==== THE INPUT

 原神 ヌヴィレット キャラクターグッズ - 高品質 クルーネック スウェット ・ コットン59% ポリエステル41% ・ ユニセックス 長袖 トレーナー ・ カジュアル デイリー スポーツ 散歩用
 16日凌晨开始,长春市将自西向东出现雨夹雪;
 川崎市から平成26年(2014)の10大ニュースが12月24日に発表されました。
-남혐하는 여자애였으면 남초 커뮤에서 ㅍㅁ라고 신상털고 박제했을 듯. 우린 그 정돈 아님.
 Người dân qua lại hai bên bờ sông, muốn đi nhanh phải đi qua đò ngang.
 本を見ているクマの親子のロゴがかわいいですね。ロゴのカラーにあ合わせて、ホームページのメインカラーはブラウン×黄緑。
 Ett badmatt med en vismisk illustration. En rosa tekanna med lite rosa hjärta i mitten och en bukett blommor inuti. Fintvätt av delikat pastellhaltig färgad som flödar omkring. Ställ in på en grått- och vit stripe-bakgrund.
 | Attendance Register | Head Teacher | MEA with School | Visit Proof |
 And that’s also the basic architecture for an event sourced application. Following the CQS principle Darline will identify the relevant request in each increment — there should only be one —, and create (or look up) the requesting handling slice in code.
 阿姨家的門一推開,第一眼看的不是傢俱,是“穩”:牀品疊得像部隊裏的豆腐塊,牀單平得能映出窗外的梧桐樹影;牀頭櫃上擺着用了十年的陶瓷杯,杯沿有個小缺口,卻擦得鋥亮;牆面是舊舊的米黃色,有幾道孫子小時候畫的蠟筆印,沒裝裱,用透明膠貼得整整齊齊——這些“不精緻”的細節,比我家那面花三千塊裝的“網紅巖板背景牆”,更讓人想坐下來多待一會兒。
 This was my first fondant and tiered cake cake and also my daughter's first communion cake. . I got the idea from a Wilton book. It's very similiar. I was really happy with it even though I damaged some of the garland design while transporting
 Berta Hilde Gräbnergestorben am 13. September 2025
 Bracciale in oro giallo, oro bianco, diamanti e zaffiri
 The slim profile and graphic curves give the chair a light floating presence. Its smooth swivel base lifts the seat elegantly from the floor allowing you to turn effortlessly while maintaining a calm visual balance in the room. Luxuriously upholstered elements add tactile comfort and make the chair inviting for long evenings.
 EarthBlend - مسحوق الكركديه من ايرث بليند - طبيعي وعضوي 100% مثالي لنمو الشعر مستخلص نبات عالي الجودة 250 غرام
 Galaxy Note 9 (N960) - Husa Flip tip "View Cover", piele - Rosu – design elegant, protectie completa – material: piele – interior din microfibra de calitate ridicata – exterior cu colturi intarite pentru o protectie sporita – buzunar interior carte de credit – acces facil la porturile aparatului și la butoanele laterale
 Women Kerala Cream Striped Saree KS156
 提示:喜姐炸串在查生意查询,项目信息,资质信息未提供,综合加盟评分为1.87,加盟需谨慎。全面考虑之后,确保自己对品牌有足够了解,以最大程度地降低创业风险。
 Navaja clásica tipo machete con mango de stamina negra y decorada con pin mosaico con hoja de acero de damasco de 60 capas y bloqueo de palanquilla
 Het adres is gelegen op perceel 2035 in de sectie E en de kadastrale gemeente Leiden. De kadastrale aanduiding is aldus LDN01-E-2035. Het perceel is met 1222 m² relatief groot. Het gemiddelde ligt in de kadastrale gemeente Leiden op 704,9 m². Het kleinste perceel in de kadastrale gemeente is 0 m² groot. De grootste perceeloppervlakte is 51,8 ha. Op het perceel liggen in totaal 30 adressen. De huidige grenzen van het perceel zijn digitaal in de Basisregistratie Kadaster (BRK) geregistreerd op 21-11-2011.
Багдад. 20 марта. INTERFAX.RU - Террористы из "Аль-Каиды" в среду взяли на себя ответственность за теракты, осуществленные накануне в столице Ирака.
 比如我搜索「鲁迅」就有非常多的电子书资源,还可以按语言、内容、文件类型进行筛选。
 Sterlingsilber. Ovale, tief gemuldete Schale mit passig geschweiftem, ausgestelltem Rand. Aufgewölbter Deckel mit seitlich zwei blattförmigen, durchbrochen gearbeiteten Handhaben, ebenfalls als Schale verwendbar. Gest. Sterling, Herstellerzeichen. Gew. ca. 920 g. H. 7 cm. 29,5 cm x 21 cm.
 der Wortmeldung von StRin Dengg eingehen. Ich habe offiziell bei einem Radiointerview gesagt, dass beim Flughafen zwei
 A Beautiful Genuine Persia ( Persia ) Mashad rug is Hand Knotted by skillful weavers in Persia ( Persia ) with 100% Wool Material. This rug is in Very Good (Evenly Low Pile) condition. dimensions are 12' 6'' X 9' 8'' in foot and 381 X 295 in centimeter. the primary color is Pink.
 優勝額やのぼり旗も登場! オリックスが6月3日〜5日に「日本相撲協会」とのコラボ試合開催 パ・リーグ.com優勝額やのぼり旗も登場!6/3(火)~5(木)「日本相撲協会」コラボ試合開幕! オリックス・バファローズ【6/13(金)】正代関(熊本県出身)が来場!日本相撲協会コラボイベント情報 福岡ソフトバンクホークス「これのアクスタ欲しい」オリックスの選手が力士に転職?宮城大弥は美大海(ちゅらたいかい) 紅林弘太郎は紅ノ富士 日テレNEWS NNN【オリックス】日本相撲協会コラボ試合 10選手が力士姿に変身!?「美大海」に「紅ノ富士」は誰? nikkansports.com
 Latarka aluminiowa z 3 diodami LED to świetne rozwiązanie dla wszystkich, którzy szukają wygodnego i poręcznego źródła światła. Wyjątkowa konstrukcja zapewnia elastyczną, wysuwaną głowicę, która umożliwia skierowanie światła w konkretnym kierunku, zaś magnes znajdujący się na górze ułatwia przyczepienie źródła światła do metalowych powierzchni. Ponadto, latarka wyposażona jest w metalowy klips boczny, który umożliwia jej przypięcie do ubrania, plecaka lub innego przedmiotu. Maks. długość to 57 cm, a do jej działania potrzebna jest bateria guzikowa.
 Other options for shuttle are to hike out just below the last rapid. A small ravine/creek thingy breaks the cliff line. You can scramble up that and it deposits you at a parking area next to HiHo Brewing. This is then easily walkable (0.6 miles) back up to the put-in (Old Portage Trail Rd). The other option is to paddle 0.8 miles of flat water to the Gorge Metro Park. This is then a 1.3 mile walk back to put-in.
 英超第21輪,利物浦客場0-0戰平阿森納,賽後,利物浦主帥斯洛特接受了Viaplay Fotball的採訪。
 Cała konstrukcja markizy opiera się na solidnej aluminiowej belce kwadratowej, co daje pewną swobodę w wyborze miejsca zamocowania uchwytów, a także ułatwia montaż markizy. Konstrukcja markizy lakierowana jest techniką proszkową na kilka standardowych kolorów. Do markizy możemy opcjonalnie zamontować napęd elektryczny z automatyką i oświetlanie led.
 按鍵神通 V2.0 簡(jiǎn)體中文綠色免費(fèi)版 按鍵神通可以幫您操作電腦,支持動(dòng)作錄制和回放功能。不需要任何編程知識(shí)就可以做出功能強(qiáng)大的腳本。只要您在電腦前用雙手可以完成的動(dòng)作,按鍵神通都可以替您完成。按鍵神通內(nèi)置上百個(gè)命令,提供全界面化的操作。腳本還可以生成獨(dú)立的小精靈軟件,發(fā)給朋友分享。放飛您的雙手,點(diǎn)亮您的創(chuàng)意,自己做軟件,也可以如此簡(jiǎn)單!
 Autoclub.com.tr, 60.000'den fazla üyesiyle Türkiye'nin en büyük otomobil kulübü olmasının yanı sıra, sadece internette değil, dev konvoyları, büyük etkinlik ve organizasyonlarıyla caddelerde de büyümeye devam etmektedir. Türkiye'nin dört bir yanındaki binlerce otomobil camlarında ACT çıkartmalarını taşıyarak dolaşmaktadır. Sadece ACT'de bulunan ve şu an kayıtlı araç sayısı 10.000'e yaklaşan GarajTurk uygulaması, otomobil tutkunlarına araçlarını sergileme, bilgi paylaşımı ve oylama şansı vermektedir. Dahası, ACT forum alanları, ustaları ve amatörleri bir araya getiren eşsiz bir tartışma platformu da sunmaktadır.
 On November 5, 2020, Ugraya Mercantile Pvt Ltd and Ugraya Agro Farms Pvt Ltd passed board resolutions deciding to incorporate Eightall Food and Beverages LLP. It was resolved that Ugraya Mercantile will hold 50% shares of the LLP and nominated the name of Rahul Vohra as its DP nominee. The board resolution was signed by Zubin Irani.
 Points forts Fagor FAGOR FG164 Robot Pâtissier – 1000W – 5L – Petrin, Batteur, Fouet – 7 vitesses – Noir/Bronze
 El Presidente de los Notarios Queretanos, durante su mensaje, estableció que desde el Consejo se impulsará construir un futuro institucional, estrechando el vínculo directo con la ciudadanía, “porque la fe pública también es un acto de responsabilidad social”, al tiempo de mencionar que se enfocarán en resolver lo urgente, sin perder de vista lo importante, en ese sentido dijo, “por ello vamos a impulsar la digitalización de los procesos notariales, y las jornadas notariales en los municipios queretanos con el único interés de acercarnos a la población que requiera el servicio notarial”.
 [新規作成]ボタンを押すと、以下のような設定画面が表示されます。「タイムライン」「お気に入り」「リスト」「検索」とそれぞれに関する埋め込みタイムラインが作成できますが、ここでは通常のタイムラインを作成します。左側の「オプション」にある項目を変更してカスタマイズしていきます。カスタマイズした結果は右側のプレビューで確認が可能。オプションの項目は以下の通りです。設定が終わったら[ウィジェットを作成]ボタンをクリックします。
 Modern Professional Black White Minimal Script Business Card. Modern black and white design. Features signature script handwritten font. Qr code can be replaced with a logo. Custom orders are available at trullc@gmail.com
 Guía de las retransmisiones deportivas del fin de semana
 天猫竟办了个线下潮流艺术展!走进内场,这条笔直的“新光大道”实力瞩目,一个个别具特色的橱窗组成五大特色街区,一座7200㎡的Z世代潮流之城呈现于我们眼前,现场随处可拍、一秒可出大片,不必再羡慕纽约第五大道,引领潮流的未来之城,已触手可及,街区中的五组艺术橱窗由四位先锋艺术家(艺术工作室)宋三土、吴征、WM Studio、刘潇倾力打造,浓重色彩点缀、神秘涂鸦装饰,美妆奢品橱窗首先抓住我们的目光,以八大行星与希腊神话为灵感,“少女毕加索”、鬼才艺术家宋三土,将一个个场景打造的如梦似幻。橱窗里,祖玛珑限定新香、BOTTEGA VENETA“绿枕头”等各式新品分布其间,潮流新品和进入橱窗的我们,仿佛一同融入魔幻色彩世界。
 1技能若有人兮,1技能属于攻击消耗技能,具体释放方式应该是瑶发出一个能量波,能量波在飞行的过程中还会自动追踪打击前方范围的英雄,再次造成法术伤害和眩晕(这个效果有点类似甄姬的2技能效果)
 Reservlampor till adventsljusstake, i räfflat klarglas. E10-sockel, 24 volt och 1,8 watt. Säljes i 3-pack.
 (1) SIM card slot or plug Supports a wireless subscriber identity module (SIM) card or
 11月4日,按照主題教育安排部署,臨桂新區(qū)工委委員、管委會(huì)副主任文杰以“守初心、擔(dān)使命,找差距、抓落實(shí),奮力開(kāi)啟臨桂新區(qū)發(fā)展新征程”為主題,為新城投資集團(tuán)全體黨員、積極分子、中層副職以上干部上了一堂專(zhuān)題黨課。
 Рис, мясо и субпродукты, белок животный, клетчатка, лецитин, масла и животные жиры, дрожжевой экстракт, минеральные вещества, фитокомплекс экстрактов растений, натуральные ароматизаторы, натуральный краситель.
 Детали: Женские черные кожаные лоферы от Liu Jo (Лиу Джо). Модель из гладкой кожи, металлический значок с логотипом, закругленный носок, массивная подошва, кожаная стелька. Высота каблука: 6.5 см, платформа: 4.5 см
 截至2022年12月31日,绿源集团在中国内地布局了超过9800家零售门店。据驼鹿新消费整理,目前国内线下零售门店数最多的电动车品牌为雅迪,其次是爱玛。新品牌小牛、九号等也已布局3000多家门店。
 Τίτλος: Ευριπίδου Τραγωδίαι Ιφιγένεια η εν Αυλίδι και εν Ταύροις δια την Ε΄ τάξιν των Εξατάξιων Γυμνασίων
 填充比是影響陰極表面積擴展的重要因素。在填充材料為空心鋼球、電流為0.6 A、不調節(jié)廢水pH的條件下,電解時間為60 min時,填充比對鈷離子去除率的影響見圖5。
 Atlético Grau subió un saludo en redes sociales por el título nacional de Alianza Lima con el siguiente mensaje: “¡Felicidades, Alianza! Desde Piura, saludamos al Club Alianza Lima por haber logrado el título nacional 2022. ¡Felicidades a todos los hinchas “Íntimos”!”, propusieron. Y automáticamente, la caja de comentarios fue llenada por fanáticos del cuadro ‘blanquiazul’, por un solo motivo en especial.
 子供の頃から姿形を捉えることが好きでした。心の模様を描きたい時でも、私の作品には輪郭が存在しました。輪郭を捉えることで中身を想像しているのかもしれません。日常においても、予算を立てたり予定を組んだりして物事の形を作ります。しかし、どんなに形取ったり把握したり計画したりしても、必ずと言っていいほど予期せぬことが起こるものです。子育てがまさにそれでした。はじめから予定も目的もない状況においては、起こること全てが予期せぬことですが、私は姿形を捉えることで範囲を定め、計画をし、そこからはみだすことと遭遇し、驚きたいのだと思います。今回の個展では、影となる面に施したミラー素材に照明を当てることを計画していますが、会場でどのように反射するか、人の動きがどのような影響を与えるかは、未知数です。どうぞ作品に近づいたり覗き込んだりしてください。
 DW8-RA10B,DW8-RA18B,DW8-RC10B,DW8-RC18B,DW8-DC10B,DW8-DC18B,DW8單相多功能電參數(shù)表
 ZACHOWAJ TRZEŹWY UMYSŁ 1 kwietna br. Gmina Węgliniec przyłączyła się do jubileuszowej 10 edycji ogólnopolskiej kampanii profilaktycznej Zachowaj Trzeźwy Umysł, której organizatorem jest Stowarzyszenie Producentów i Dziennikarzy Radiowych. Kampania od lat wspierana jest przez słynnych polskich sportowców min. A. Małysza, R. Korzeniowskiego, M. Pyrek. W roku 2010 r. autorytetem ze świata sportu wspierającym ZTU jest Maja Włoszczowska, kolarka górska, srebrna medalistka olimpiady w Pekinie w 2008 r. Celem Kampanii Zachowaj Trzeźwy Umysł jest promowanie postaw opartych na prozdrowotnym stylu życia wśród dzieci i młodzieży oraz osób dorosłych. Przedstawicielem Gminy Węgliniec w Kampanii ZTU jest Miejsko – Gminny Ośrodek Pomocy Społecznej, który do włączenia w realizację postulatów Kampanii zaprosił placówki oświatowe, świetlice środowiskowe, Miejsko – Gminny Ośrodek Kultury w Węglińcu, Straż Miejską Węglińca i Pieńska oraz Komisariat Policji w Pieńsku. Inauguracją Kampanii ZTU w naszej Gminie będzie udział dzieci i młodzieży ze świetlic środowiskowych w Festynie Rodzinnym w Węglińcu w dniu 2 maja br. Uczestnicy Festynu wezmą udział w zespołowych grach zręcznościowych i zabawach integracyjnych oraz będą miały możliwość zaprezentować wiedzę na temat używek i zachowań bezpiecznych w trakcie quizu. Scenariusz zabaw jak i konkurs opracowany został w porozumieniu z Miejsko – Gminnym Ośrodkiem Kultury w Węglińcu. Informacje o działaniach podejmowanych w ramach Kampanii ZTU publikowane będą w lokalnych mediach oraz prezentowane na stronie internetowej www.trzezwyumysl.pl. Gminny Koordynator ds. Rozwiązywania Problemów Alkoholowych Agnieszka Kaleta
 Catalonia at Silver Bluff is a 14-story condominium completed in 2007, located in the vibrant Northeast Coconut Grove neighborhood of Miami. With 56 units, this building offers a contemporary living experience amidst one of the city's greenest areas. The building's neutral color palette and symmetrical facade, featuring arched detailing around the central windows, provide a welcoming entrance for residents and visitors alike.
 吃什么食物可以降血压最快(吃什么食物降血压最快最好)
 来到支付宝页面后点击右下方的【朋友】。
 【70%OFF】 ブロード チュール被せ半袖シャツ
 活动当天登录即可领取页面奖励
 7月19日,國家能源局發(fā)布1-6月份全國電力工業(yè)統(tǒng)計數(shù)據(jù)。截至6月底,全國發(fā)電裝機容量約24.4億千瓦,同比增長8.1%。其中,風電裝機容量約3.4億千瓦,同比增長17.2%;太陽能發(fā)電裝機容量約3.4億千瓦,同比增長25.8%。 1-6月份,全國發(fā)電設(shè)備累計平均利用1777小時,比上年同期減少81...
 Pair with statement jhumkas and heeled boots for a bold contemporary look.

========

**DIRECTIONS FOR THIS TASK:** Would you retype the lines above from the one with "Багдад. 20 марта." down to the one with "der Wortmeldung von", word for word, both ends included and no other lines?

**WRITTEN ANSWER:**
Багдад. 20 марта. INTERFAX.RU - Террористы из "Аль-Каиды" в среду взяли на себя ответственность за теракты, осуществленные накануне в столице Ирака.
 比如我搜索「鲁迅」就有非常多的电子书资源,还可以按语言、内容、文件类型进行筛选。
 Sterlingsilber. Ovale, tief gemuldete Schale mit passig geschweiftem, ausgestelltem Rand. Aufgewölbter Deckel mit seitlich zwei blattförmigen, durchbrochen gearbeiteten Handhaben, ebenfalls als Schale verwendbar. Gest. Sterling, Herstellerzeichen. Gew. ca. 920 g. H. 7 cm. 29,5 cm x 21 cm.
 der Wortmeldung von StRin Dengg eingehen. Ich habe offiziell bei einem Radiointerview gesagt, dass beim Flughafen zwei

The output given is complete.